Especialistas explican cómo se transmite el virus y por qué las autoridades sanitarias mantienen controles tras posibles exposiciones en EE.UU.
El reciente brote de ébola registrado en África volvió a poner en alerta a las autoridades sanitarias internacionales luego de que se confirmaran decenas de fallecimientos y posibles exposiciones de ciudadanos estadounidenses vinculados a la emergencia.
De acuerdo con especialistas en epidemiología, el virus del ébola es una enfermedad altamente peligrosa que puede provocar complicaciones severas e incluso la muerte si no se detecta y trata a tiempo.
La epidemióloga Dadila Garcés explicó que esta enfermedad afecta gravemente el organismo debido a los daños hemorrágicos que puede causar en etapas avanzadas.
Entre los síntomas iniciales más comunes se encuentran la fiebre alta, fuertes dolores de cabeza, debilidad intensa, cansancio extremo, dolores musculares y malestar general. En muchos casos, los síntomas pueden confundirse inicialmente con otras infecciones comunes, lo que dificulta una detección temprana.
A medida que la enfermedad avanza, algunas personas desarrollan vómitos, diarrea, dolor abdominal y alteraciones hemorrágicas, incluyendo sangrados internos y externos que pueden poner en riesgo la vida del paciente.

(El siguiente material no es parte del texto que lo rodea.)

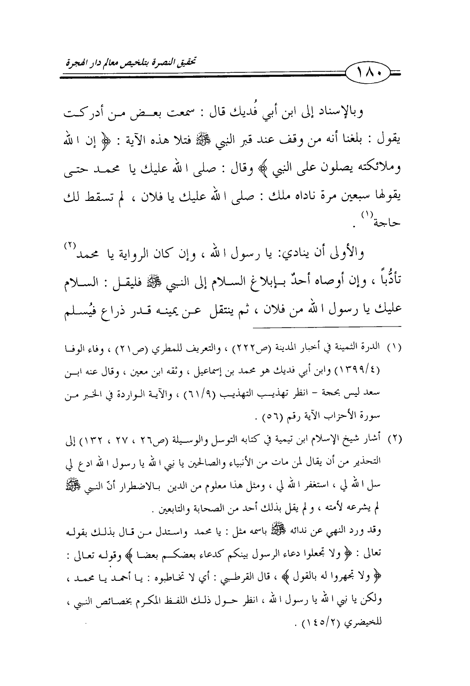 (1) الدرة الثمينة في أخبار المدينة (ص222)، والترعيف للمطري (ص21)، وفاء الوفاء (1399/ 4) وابن أبي فديك هو محمد بن اسماعيل، وثقه ابن معين، وقال عنه ابن سعد ليس بحجة -انظر تهذيب التهذيب (61/ 9)، والاية الواردة في الخبر من سورة الاحزاب الاية رقم (56).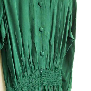 Karin Stevens Gown | 1980s Drop Waist Dress | Forrest Green Pleated Modest Frock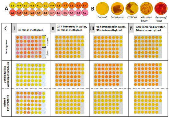 In a subsequent experiment, individual intact fruit (n = 126) was incubated in methyl red, and the pH effect was monitored over 72 h (3 d) (Figure 3C). This period covers all three stages of seed germination, from imbibition to radicle emergence [5]. In addition to whole grains being analysed, grains were separated from their pericarp/testa, and the dehulled seeds and pericarp/testa were incubated separately (Figure 3C) to assess the contribution of the different tissues to the acidification over time. To evaluate the colours of the pH indicator, we created a colour scale (Figure 3A), as described in Materials and Methods. On the first day, just after 30 min of incubation, the whole, intact grains change the colour of the indicator significantly, reaching pH values ranging from about 5.8 to about 4.4. Each grain had rapidly acidified the solution, but there are clear differences in acidification between the individual grains, which is consistent with the results shown in Figure 1A. In contrast, the dehulled grains without pericarp/testa only very slightly changed the pH indicator’s colour, indicating that no notable acidification had occurred. However, the isolated pericarp/testa of the same grains caused a significant change in colour of the indicator, although not as much as the intact grains. The individual pericarp/testa also differed significantly in terms of acidification. After 24 h submerged in water, the intact grains resulted in slight colour changes of the indicator (Figure 3CII), but compared to the first day’s result with dry grains (Figure 3CI), the colours appeared more uniform, and the acidification was less strong. The corresponding pH values were just below 6. The dehulled grains without pericarp/testa, which showed no effect in the first round of the experiment (Figure 3CI), now resulted in obvious colour changes of the pH indicator (Figure 3CII). Comparison with the colour scale indicated relatively uniform pH values of about 5.6. On the other hand, the corresponding manually removed pericarp/testae that resulted in a clear pH change after the first 30 min (Figure 3CI) now stopped changing colours, leaving the indicator as yellow as the control (Figure 3CII). When this protocol is repeated after 48 h under water, the results (Figure 3CIII) do not differ from those obtained after 24 h (Figure 3CII): Dehulled grains uniformly acidify the solution slightly, dehulled grains change the colour of the indicator slightly more, while wells with removed pericarp/testa alone remain yellow. This pattern remains unchanged after 72 h underwater (Figure 3CIV). At this time, the grains complete their germination by emerging visible radicles.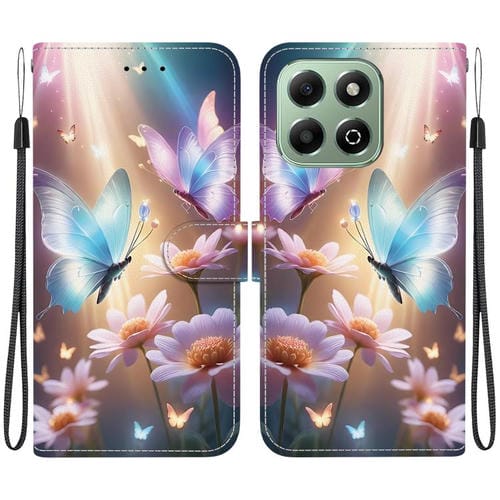 Funda de Cuero para Honor X6B con Dibujo de Colores y Textura de Cristal (Mariposa, Amor y Flores)

Médicos recuerdan que el ébola se transmite principalmente mediante contacto directo con fluidos corporales de personas infectadas, como sangre, saliva, sudor, vómito u otros líquidos corporales.
Además, expertos indican que el virus también puede pasar de animales a humanos, especialmente mediante el contacto con fauna silvestre infectada o el consumo de carne mal cocida proveniente de ciertos animales salvajes.
El brote actual, que ya suma al menos 88 muertes en África, provocó una rápida movilización de autoridades internacionales de salud. En Estados Unidos, los Centros para el Control y la Prevención de Enfermedades desplegaron personal especializado luego de que seis ciudadanos estadounidenses fueran identificados como posibles expuestos al virus.
Hasta el momento, las autoridades sanitarias estadounidenses mantienen vigilancia y protocolos preventivos para evitar contagios, especialmente en aeropuertos y centros médicos.
Especialistas aclaran que, aunque existe preocupación internacional, el riesgo de propagación masiva en Estados Unidos sigue siendo bajo debido a los sistemas de control epidemiológico, monitoreo de contactos y capacidad hospitalaria.
Sin embargo, recuerdan que la rapidez en la detección de casos es fundamental para evitar brotes más amplios, especialmente porque el virus puede propagarse rápidamente en comunidades con poco acceso a servicios de salud.
La Organización Mundial de la Salud continúa monitoreando la situación mientras equipos médicos internacionales trabajan para contener el brote en las zonas afectadas de África y evitar que el virus se extienda hacia otros países.